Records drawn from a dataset
============================================================

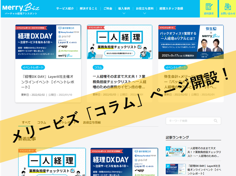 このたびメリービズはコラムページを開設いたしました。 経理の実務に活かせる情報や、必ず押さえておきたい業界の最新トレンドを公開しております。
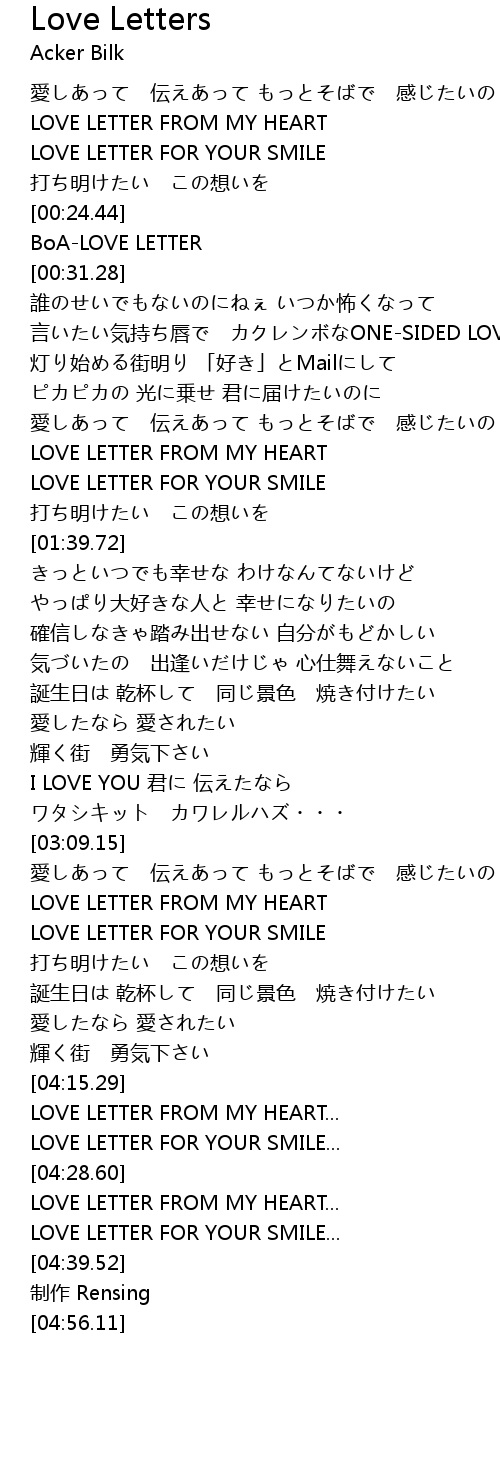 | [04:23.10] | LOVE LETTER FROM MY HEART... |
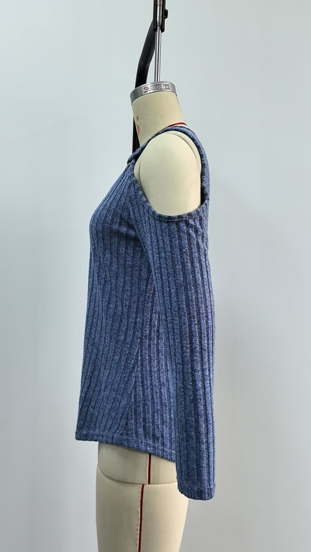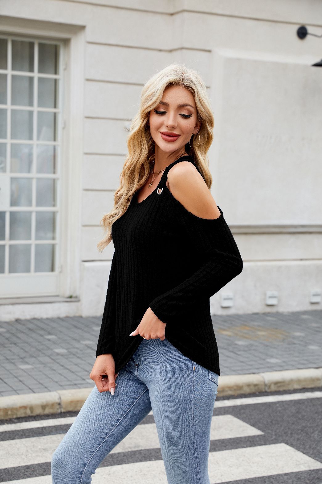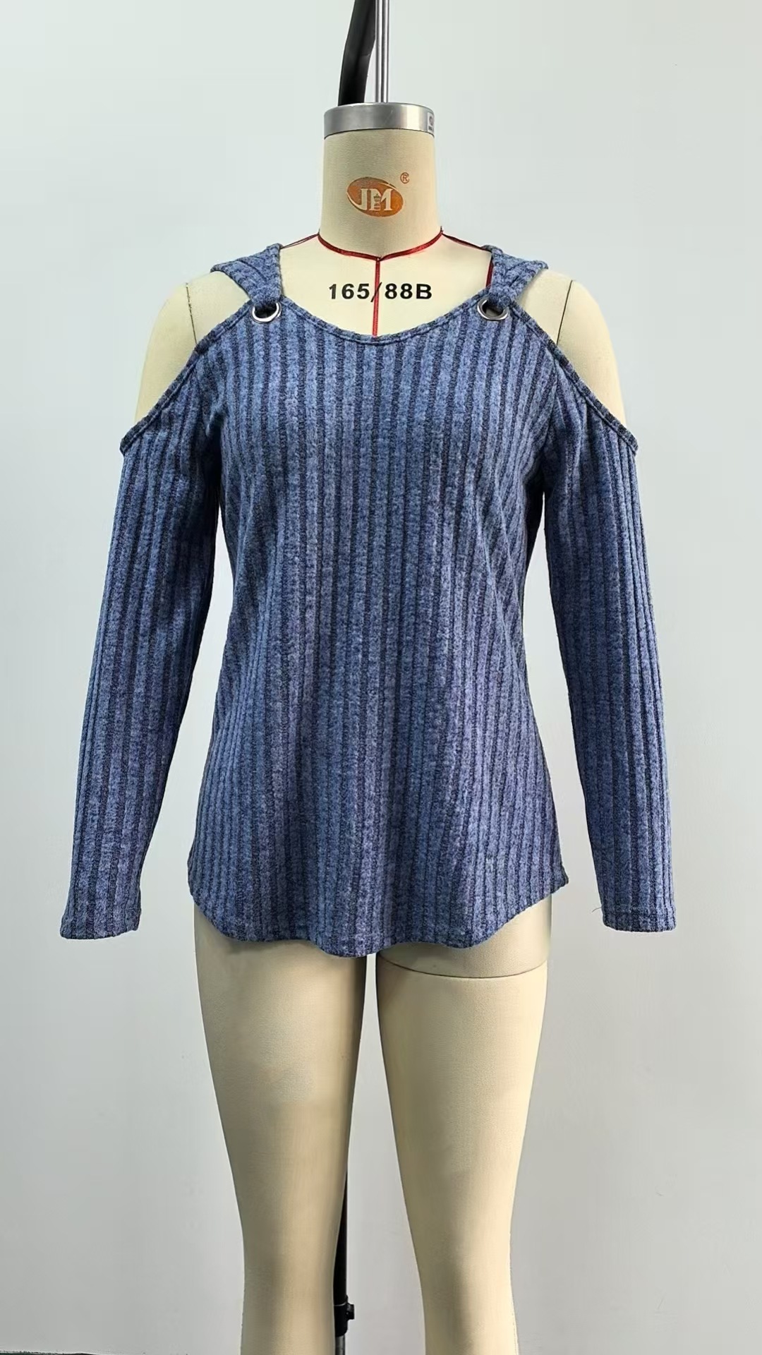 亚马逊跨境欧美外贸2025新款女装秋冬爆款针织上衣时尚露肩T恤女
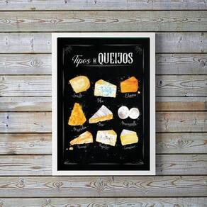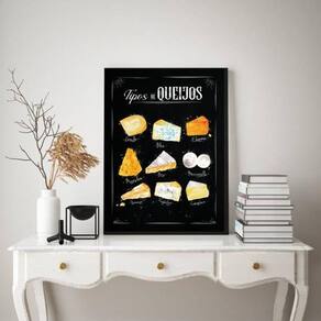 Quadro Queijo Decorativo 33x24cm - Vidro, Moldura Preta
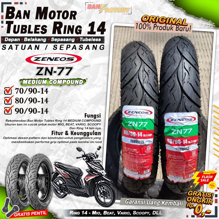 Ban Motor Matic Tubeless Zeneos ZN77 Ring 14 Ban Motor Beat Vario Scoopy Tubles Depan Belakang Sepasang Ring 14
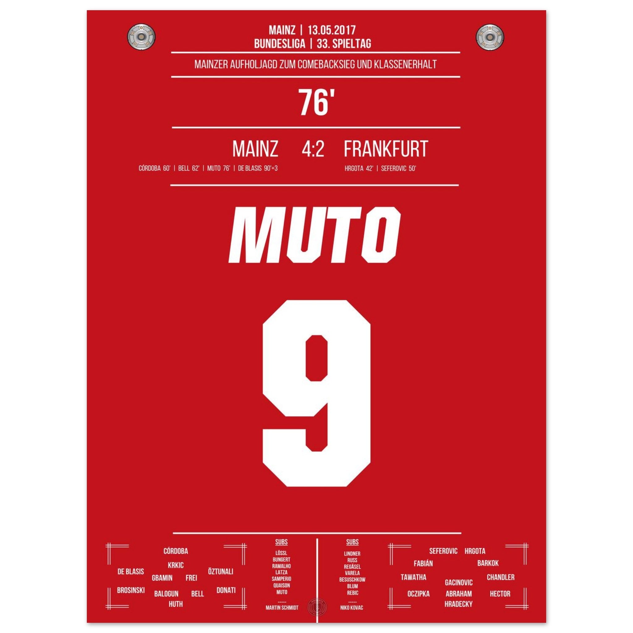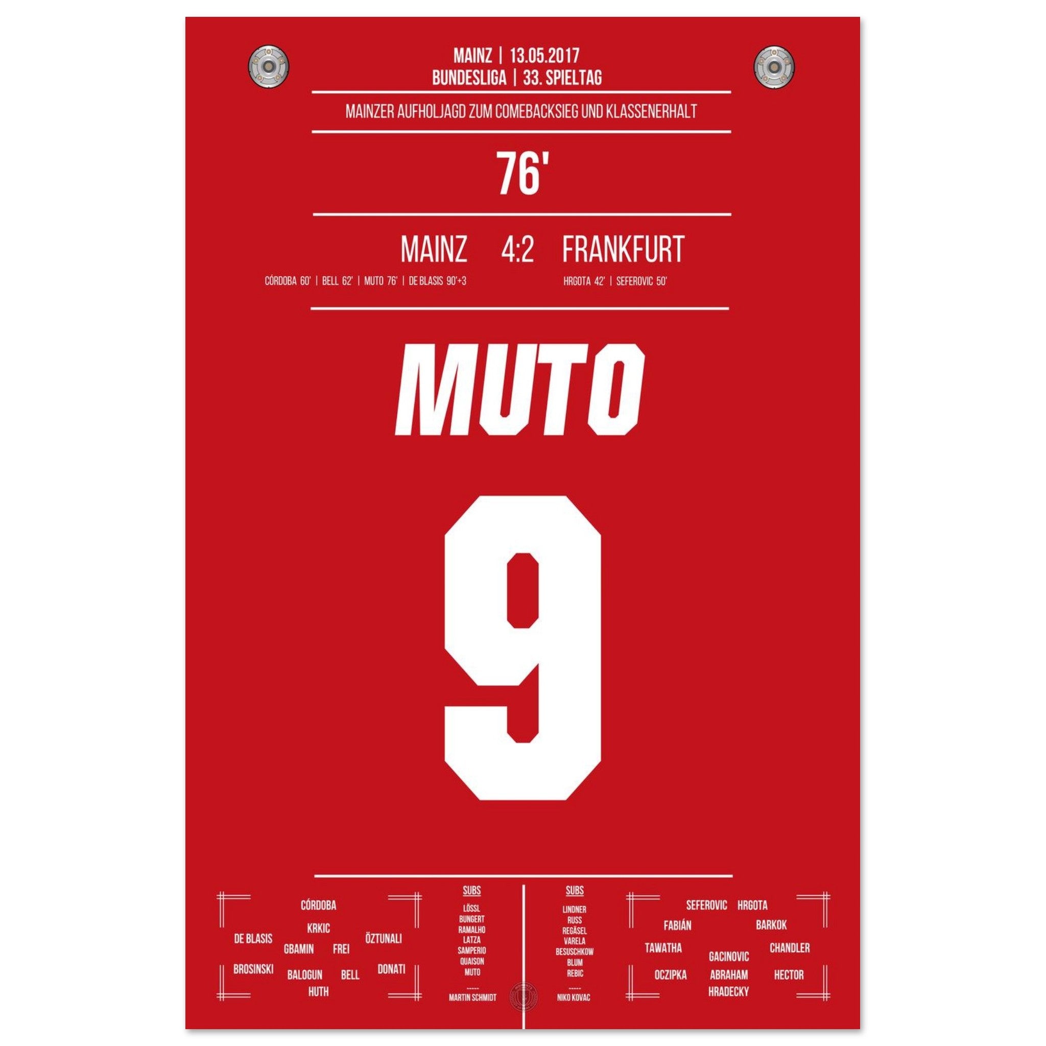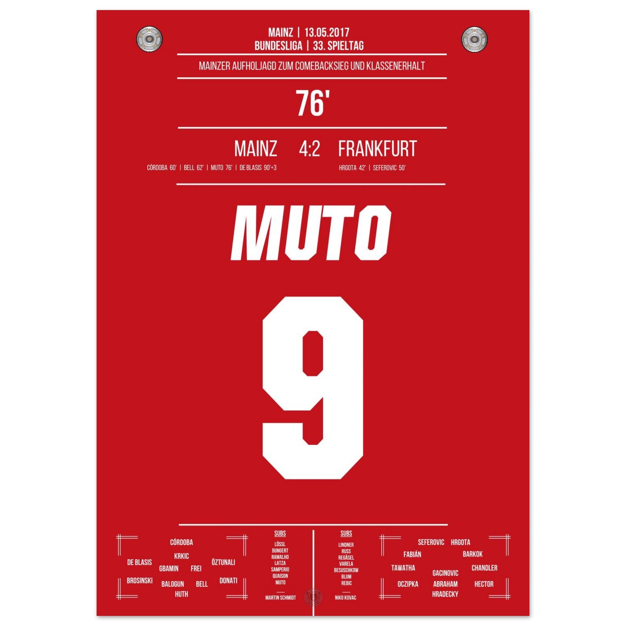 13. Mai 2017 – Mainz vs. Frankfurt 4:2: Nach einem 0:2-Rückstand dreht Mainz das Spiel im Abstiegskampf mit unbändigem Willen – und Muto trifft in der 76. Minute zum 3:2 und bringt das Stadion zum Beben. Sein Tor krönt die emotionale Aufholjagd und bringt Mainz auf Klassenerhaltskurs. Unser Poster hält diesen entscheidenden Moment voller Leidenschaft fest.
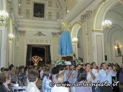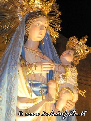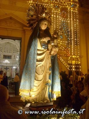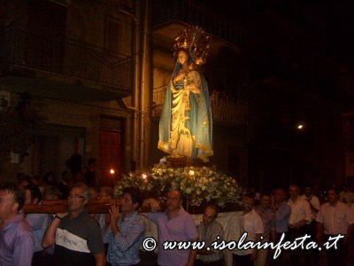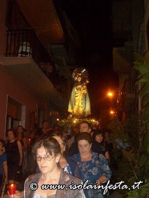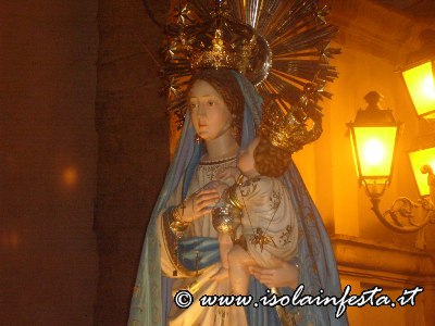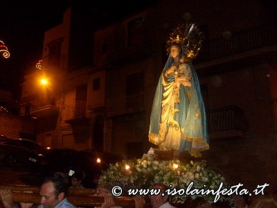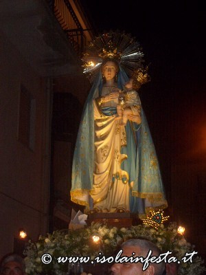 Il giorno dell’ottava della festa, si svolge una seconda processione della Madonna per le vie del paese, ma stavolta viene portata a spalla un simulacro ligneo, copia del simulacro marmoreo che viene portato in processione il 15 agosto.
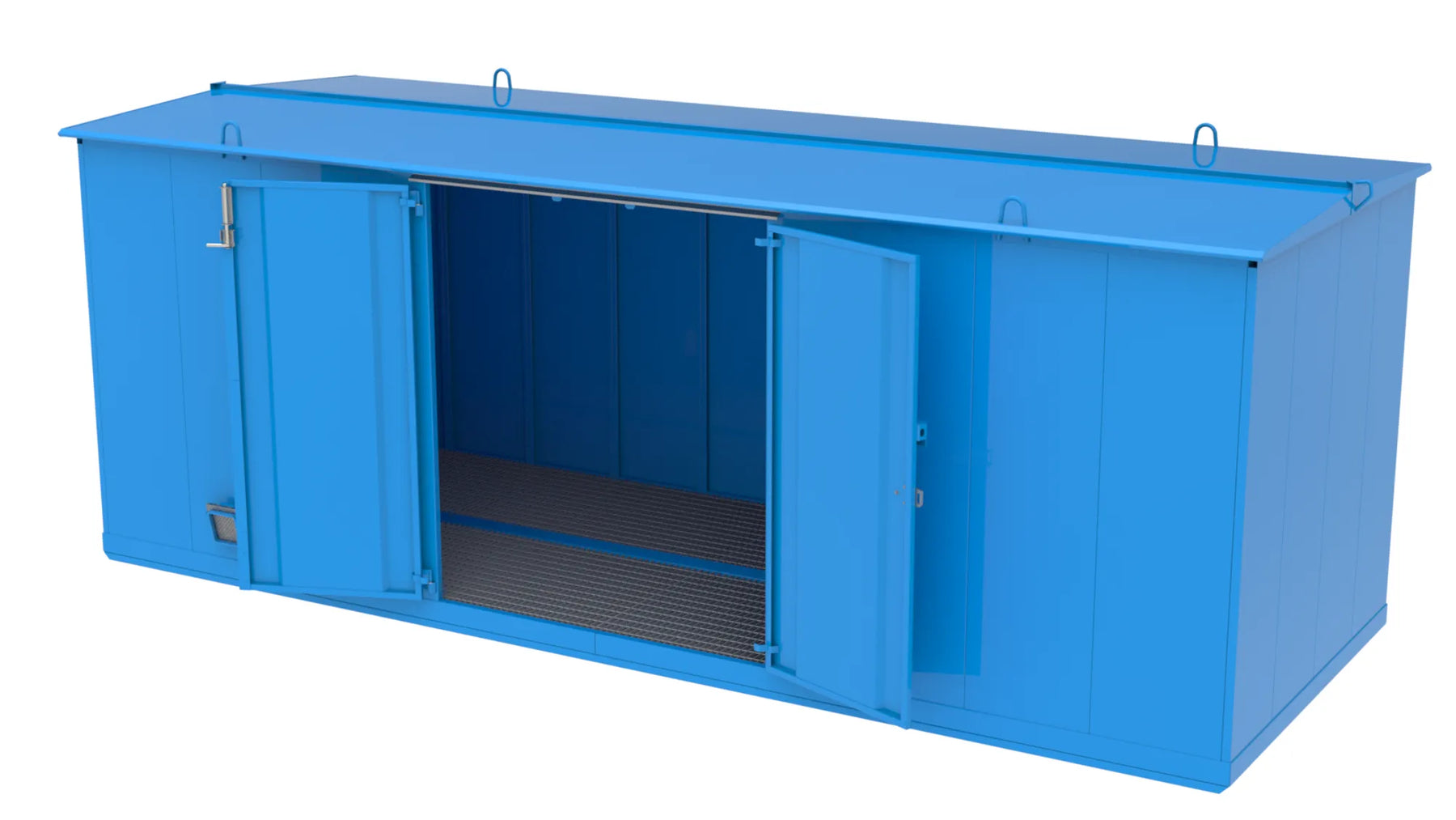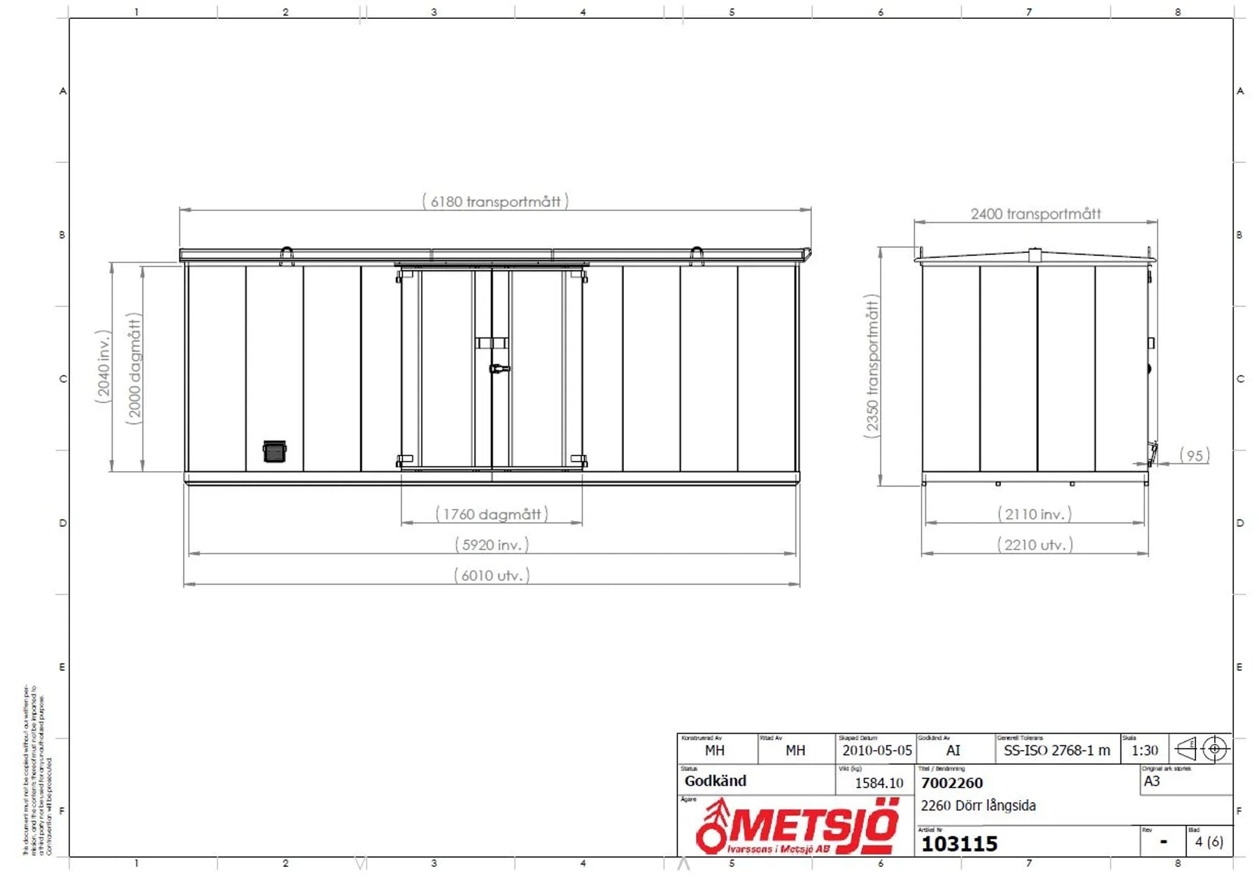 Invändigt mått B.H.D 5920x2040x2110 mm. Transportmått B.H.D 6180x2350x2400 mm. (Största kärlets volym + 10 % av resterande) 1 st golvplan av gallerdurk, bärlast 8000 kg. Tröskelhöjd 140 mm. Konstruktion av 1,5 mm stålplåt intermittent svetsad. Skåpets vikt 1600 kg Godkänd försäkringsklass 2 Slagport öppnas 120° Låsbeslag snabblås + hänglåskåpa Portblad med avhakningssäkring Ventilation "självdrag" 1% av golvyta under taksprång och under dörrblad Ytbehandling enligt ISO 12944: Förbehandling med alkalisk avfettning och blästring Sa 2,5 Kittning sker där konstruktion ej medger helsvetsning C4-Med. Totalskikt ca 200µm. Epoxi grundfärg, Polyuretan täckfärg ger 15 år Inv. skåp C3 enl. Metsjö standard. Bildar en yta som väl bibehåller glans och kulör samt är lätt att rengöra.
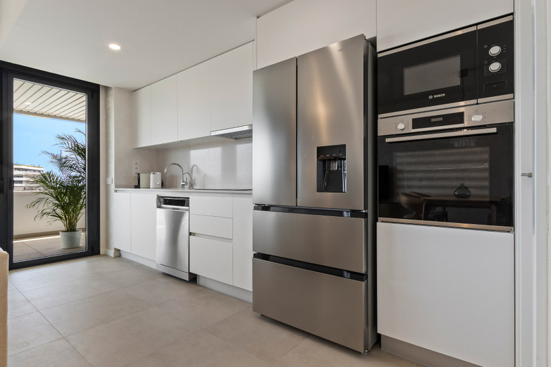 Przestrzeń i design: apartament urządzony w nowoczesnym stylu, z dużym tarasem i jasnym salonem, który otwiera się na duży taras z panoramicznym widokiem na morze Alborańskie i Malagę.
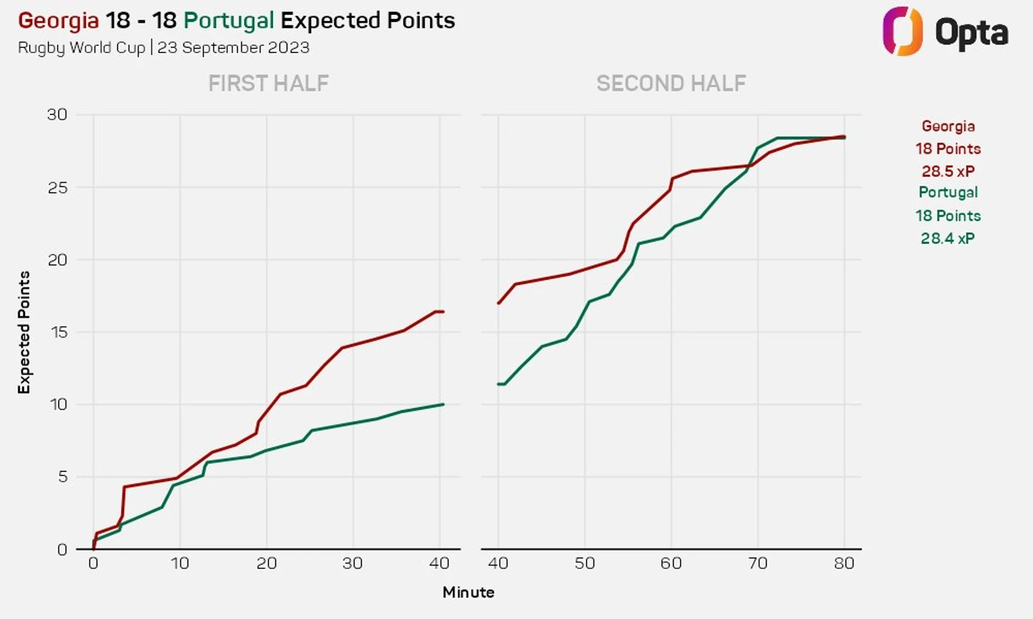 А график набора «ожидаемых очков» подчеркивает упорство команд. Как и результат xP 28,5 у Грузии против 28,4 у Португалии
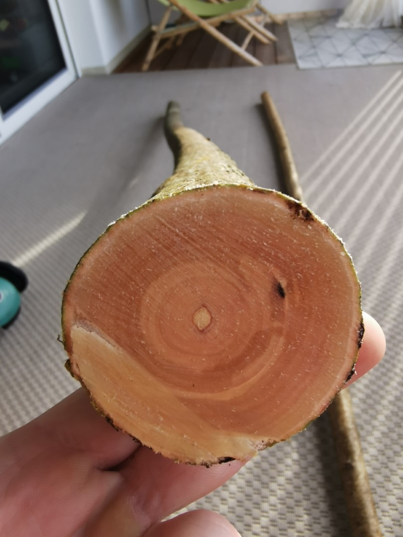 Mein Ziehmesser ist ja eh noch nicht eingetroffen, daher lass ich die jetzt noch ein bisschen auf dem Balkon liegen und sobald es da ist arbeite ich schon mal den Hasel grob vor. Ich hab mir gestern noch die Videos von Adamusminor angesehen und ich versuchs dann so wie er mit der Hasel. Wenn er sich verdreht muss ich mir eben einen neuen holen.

============================================================

**The problem:**
Copy the lines exactly as they appear from the opening of the entries above through the line with "Il giorno dell’ottava", excluding all pictures.

**Solution to the exercise:**
 このたびメリービズはコラムページを開設いたしました。 経理の実務に活かせる情報や、必ず押さえておきたい業界の最新トレンドを公開しております。
 | [04:23.10] | LOVE LETTER FROM MY HEART... |
 亚马逊跨境欧美外贸2025新款女装秋冬爆款针织上衣时尚露肩T恤女
 Quadro Queijo Decorativo 33x24cm - Vidro, Moldura Preta
 Ban Motor Matic Tubeless Zeneos ZN77 Ring 14 Ban Motor Beat Vario Scoopy Tubles Depan Belakang Sepasang Ring 14
 13. Mai 2017 – Mainz vs. Frankfurt 4:2: Nach einem 0:2-Rückstand dreht Mainz das Spiel im Abstiegskampf mit unbändigem Willen – und Muto trifft in der 76. Minute zum 3:2 und bringt das Stadion zum Beben. Sein Tor krönt die emotionale Aufholjagd und bringt Mainz auf Klassenerhaltskurs. Unser Poster hält diesen entscheidenden Moment voller Leidenschaft fest.
 Il giorno dell’ottava della festa, si svolge una seconda processione della Madonna per le vie del paese, ma stavolta viene portata a spalla un simulacro ligneo, copia del simulacro marmoreo che viene portato in processione il 15 agosto.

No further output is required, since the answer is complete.